Location - character
date - character
new_cases - integer
new_deaths - integer
total_deaths - integer
people_vaccinated - numeric
people_fully_vaccinated - numeric
total_boosters - numeric
population - numeric
total_vaccinations - numeric
new_vaccinations - integer
stringency_index (Measure of government restrictions) - numeric
icu_patients - integer
hosp_patients - integer
positive_rate - numeric
reproduction_rate - numeric

3.4. Summary:

The dataset comprises 429,435 observations and 67 columns. The dataset representing detailed COVID-19 data from multiple countries over time. Each row corresponds to a specific date and location (country and region) making the dataset structured as a longitudinal time series.

Data Types:
- Character variables (Eg: iso_code,continent,location,date) :Represents identifiers and date information.
- Numeric variables: Majority of the dataset consists of integers (int) and continuous numbers (num).
Data Coverage:
- Includes data on COVID-19 cases, deaths, testing, hospitalizations, ICU usage, vaccinations, and public health policy responses.
- Demographic and socioeconomic indicators like median age, GDP per capita, population density, and human development index are included to conduct/support deeper analytic insights.
- Also includes healthcare capacity and risk factors such as smoking rates, cardiovascular death rate, handwashing facilities, and hospital beds.
- Excess mortality provides insight into the pandemic’s broader impact beyond the reported COVID-19 deaths.
Missing Values:
- Several variables, especially those related to ICU, hospitalization, testing, vaccination, and excess mortality, contain many NA values, indicating inconsistent or unavailable reporting across regions and time.

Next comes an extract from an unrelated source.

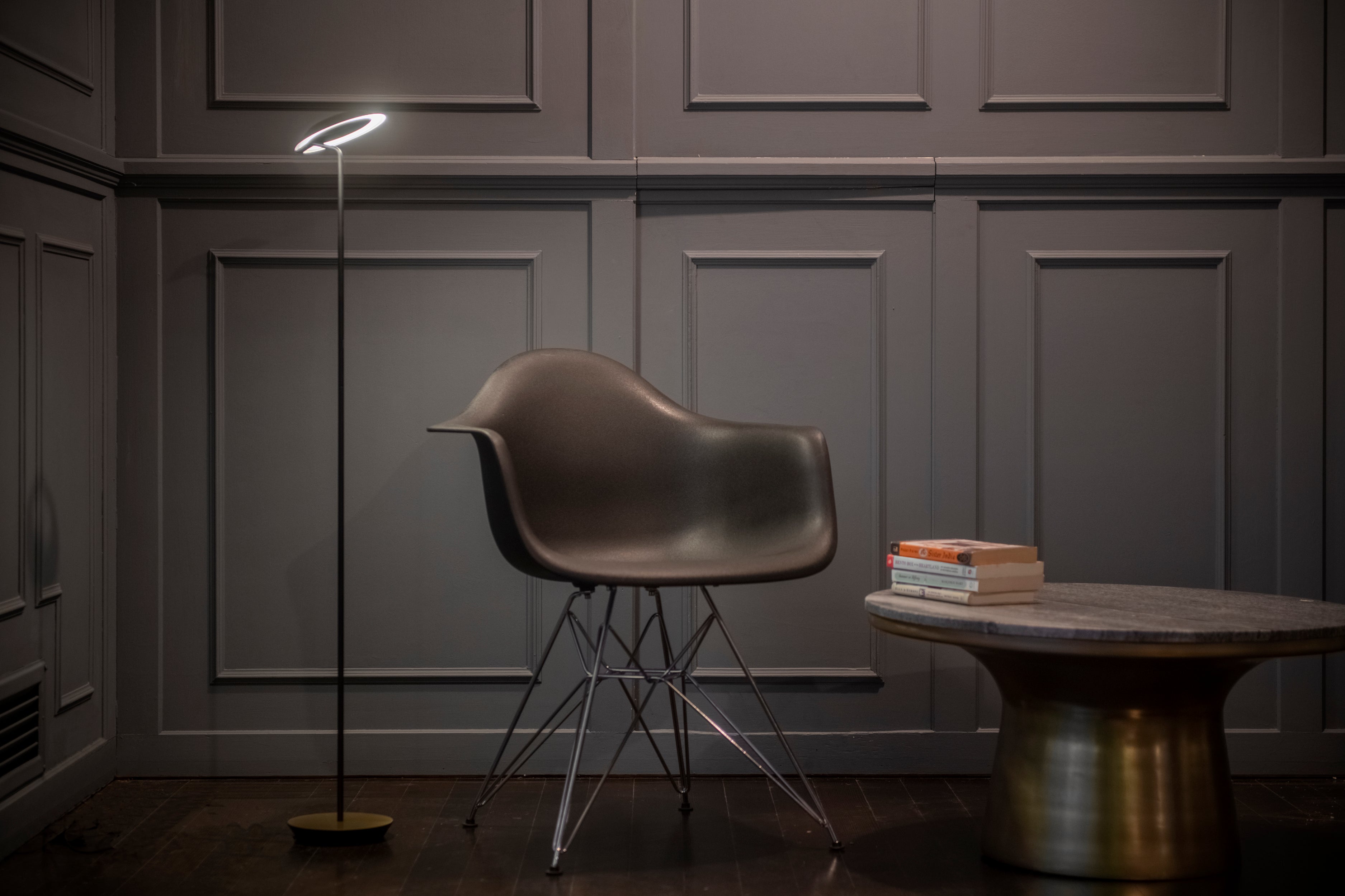 Designer/s: Kenneth Ng, Edmund NgThe Royyo Floor lamp adds an elegant flair to any space with its minimal wiring and pleasing circular design. Its minimal silhouette houses complex inner technology for a marriage of form and functionality. Royyo's embedded USB port allows users to charge any USB- compatible device. Interchangeable base plate options allow users to customize at ease. Achieve unity in design by inviting the Royyo Desk Lamp, Royyo Pendant and Royyo Floor Lamp into your home.

The dataset offers a rich foundation to help analyze how COVID-19 spread across the world, how it affected people, how countries responded and the healthcare systems differed between regions. It is suitable for our project as it includes up-to-date data on vaccinations,cases and deaths,which we can use to study how effective the vaccines were in reducing infections and saving lives.

4. Data Preparation

main_data_frame<-read.csv('owid-covid-data.csv')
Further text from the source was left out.